### What the task requires
Return the records from the first line through the line containing "Cartier Super Clone", and leave out the pictures.

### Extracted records
------------------------------------------------------------

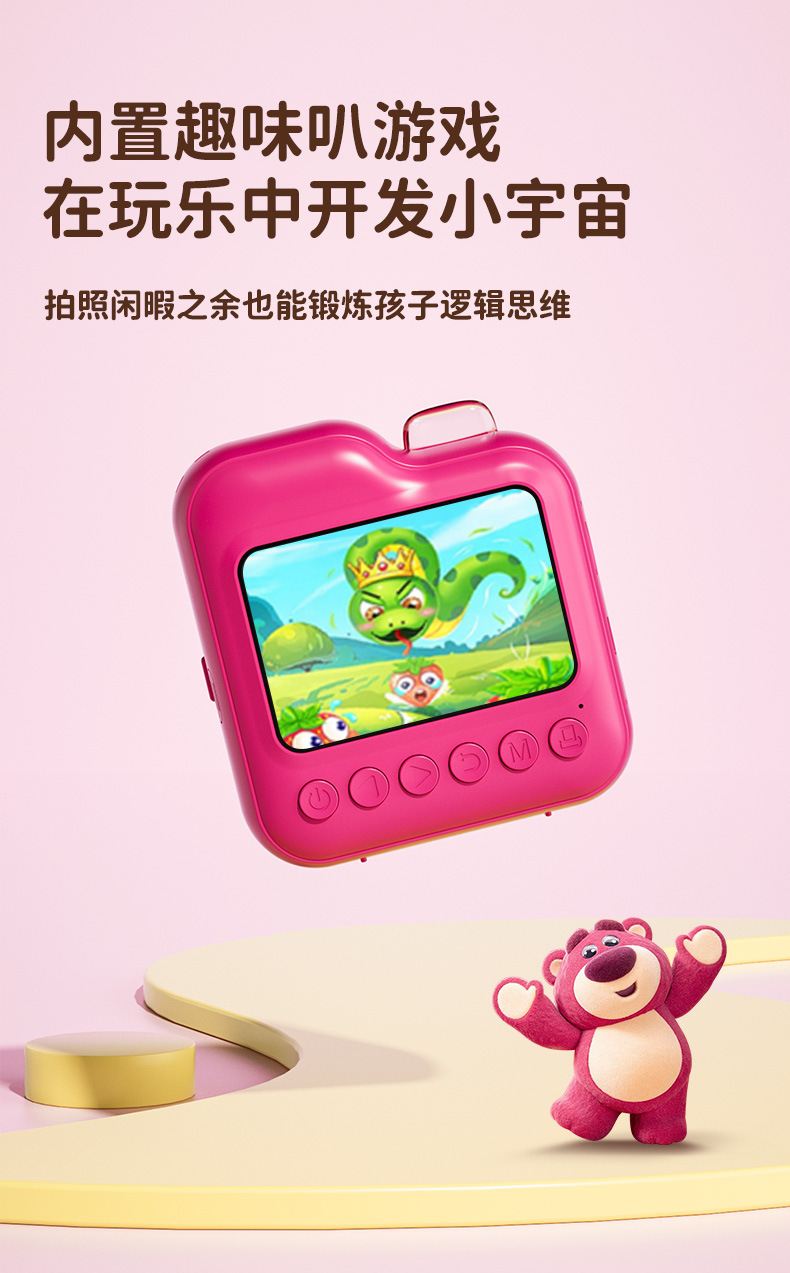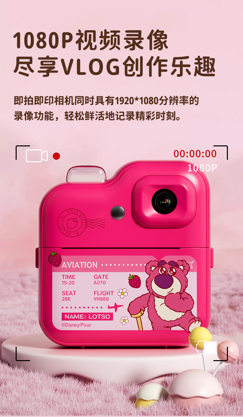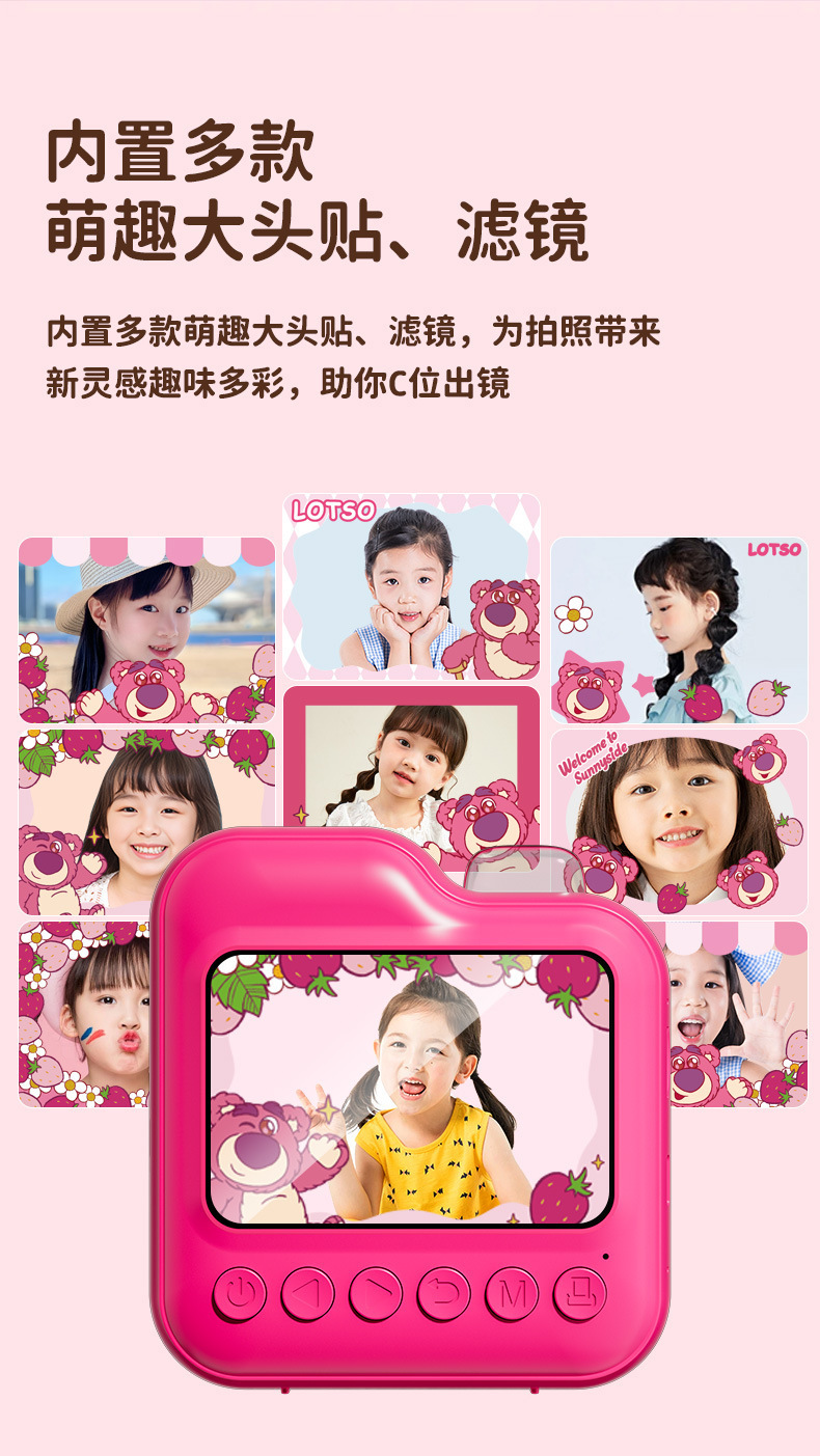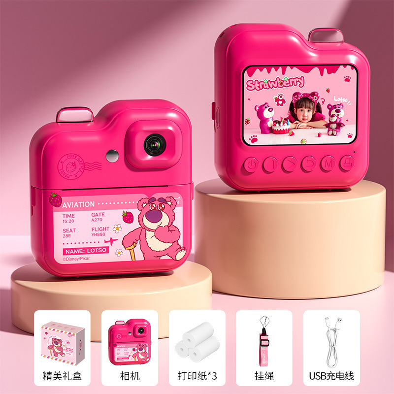 • 터치스크린-디즈니 폴라로이드 Q7 로즈 레드 스트로베리 베어 [인쇄지 3롤]
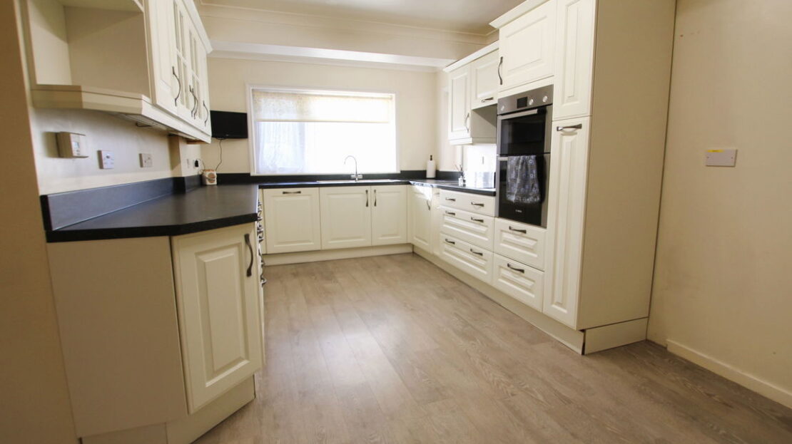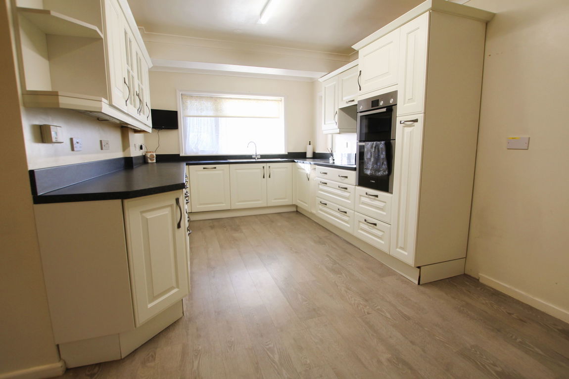 uPVC double glazed window to front elevation, double panel radiator, extensive fitted kitchen comprising of single drainer stainless steel sink unit with mixer tap over, roll top work surfaces, range of base units incorporating built-in Bosch electric hob and Bosch electric oven with separate grill above, built-in dish washer, space for fridge freezer, matching range of wall mounted units incorporating extractor hood, ideal area for table and chairs, ground floor access to:
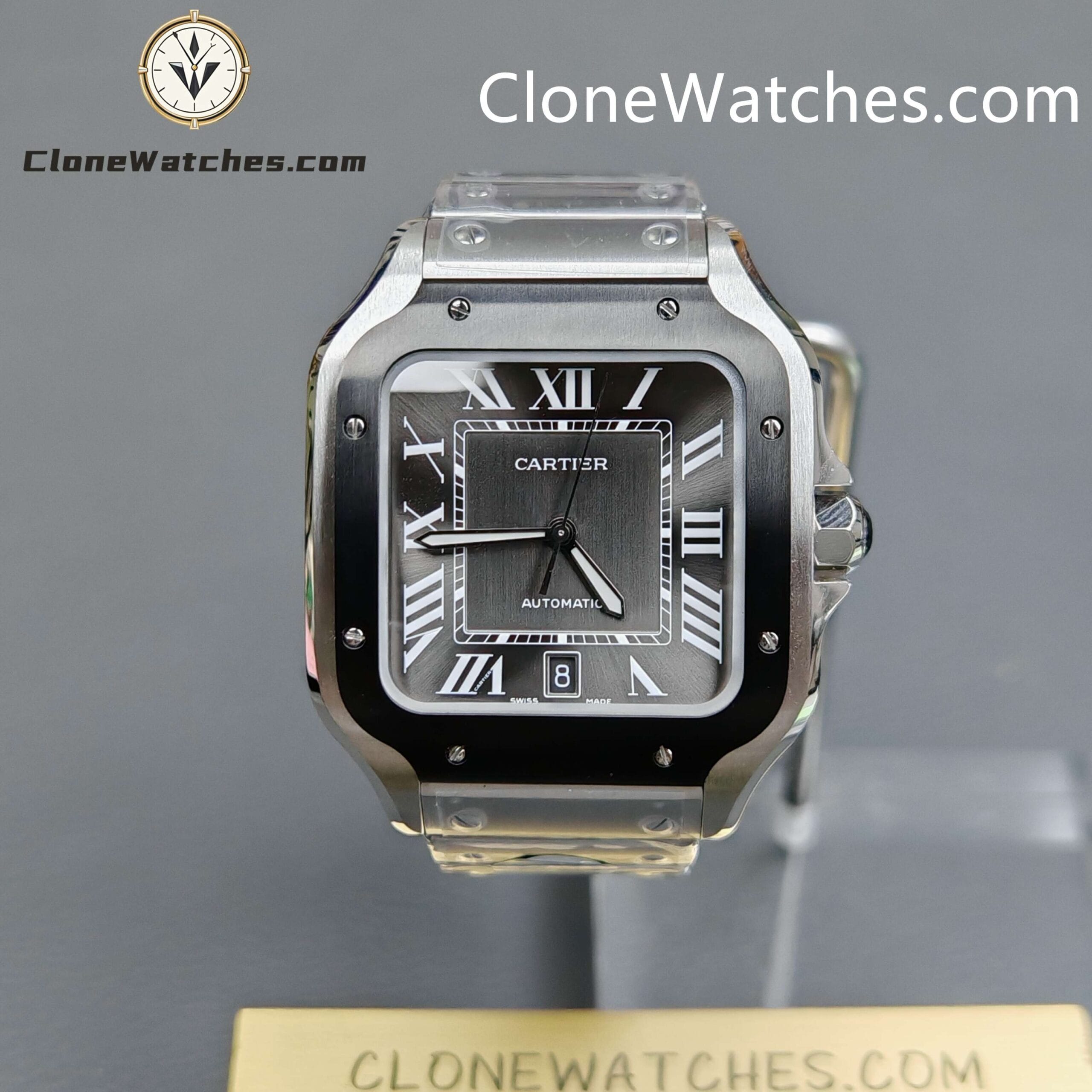 Cartier Super Clone Watches 1:1 Santos Series Gray Dial 39.8MM WSSA0037 Steel Strap
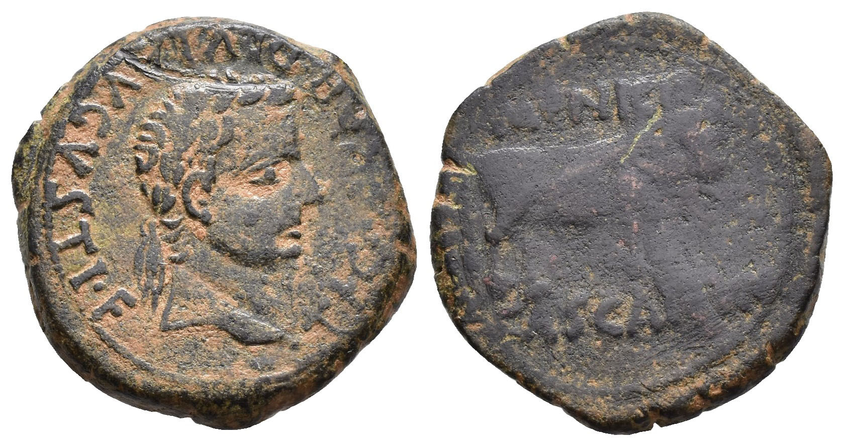 HISPANIA ANTIGUA. CASCANTUM. Tiberio. Semis. A/ Cabeza laureada a der.; TI C(AE)SAR DIVI AVGVSTI F. R/ Toro a der.; MVNICIP/CASCA(NT)VM. AE 8,55 g. 23 mm. I-693; APRH-428; ACIP-3160. Pátina verde. MBC-/RC. Rara.
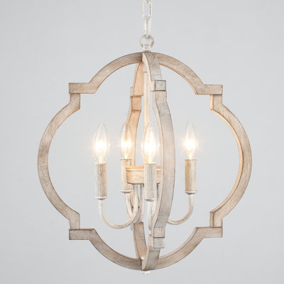 Uman 4 - Light Dimmable Farmhouse Country Distressed Wood Candle Style Geometric Chandelier
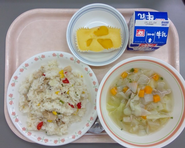 カラフルピラフ、田舎風豆スープ、黄桃のヨーグルトケーキ、牛乳
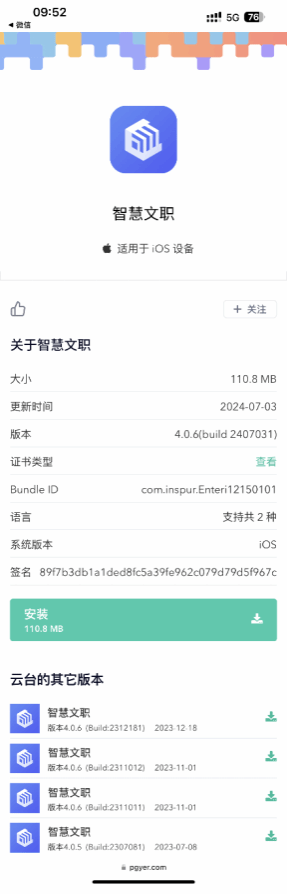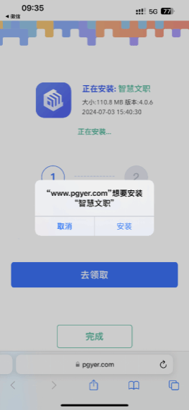 在 Safari 浏览器中打开的安装页面中,您将看到应用的详细信息和一个“安装”按钮。点击“安装”按钮后,系统会弹出安装确认提示,点击“安装”。
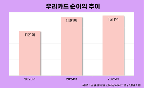 이에 힘입어 우리카드의 순이익은 최근 3년 연속 성장세를 보이고 있다. 2023년 1121억 원에서 2024년 1481억 원, 2025년 1511억 원으로 확대됐다.
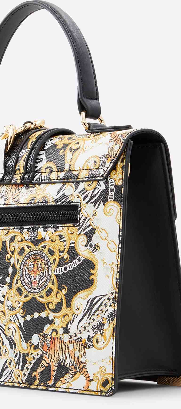 Make a bold statement with this glamorous top handle bag featuring gorgeous metal detailing. Equipped with a magnetic snap for easy access and roomy enough compartments to store all your essentials, this bag is as functional as it is stylish!
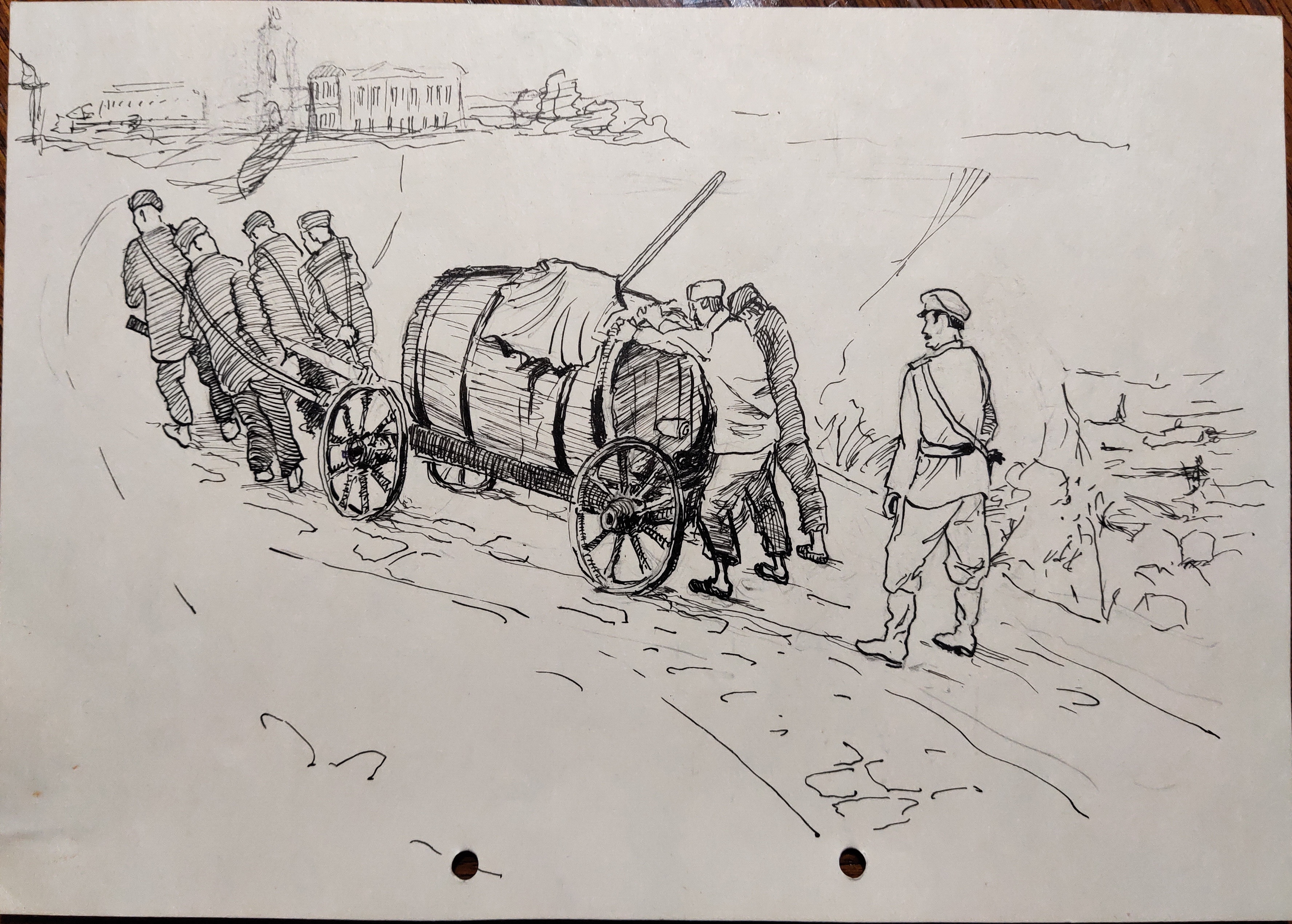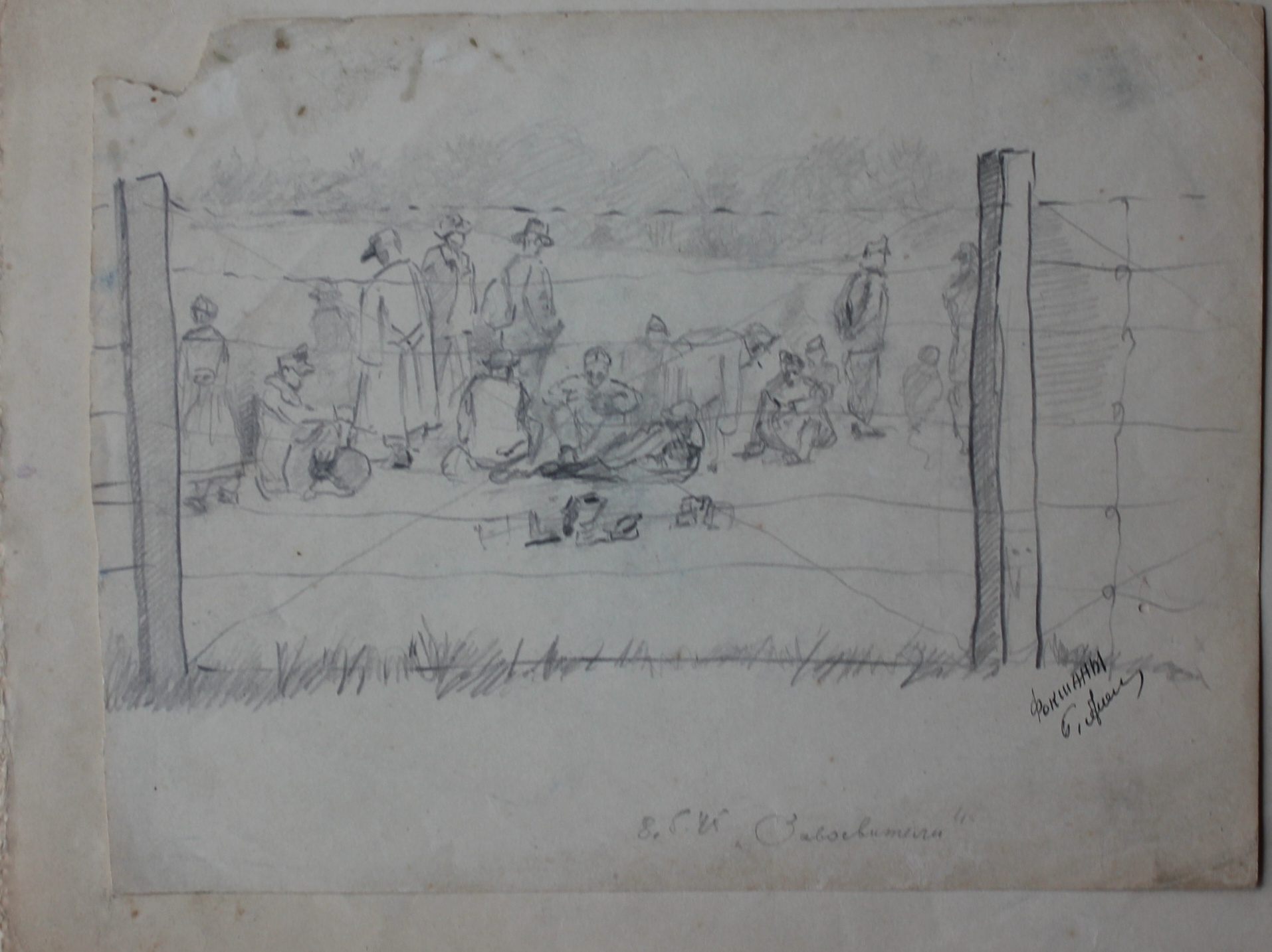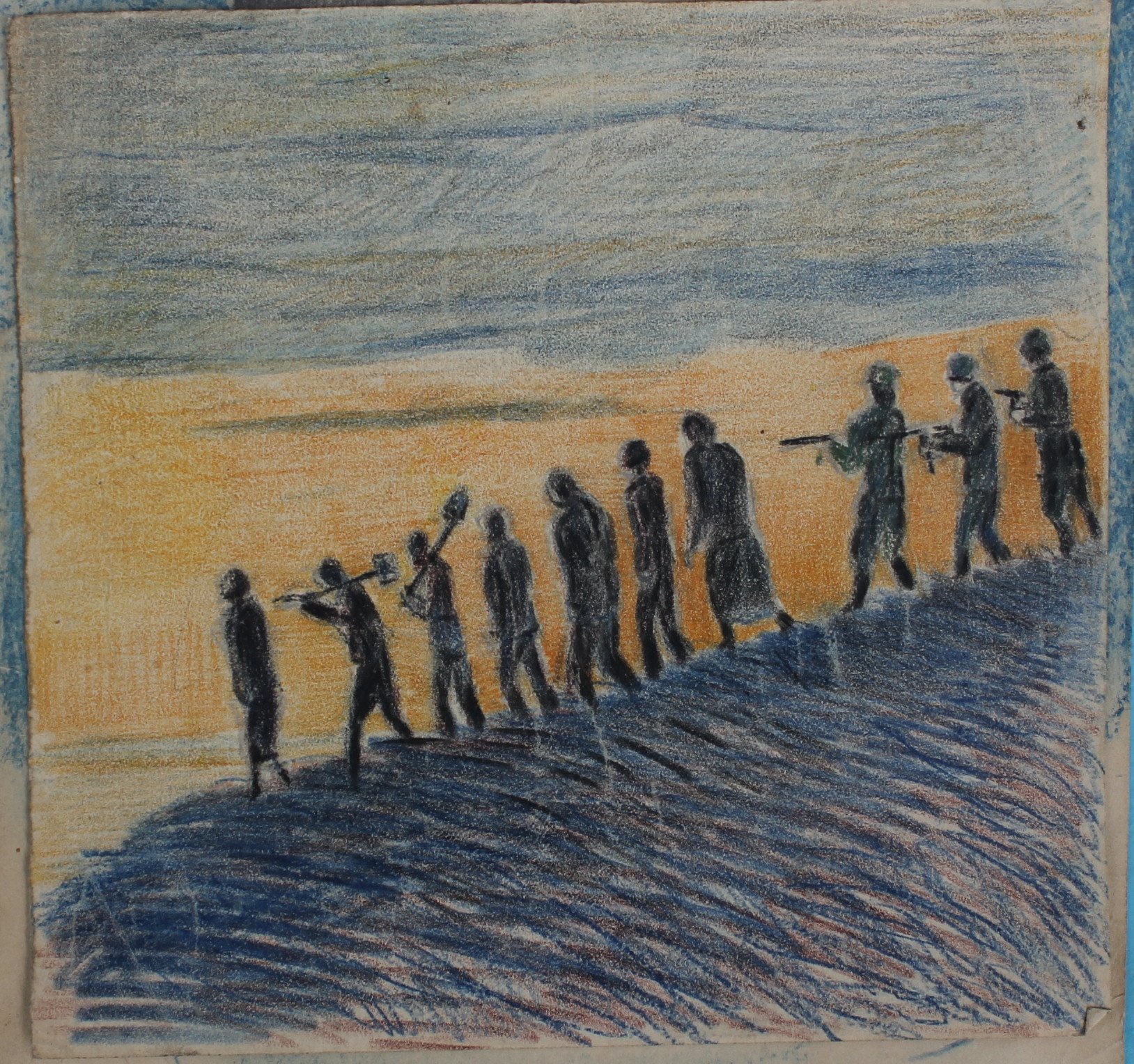 Рисунок тушью и пером "Военнопленные поют песню о родине"

------------------------------------------------------------

### Result for this exercise
 • 터치스크린-디즈니 폴라로이드 Q7 로즈 레드 스트로베리 베어 [인쇄지 3롤]
 uPVC double glazed window to front elevation, double panel radiator, extensive fitted kitchen comprising of single drainer stainless steel sink unit with mixer tap over, roll top work surfaces, range of base units incorporating built-in Bosch electric hob and Bosch electric oven with separate grill above, built-in dish washer, space for fridge freezer, matching range of wall mounted units incorporating extractor hood, ideal area for table and chairs, ground floor access to:
 Cartier Super Clone Watches 1:1 Santos Series Gray Dial 39.8MM WSSA0037 Steel Strap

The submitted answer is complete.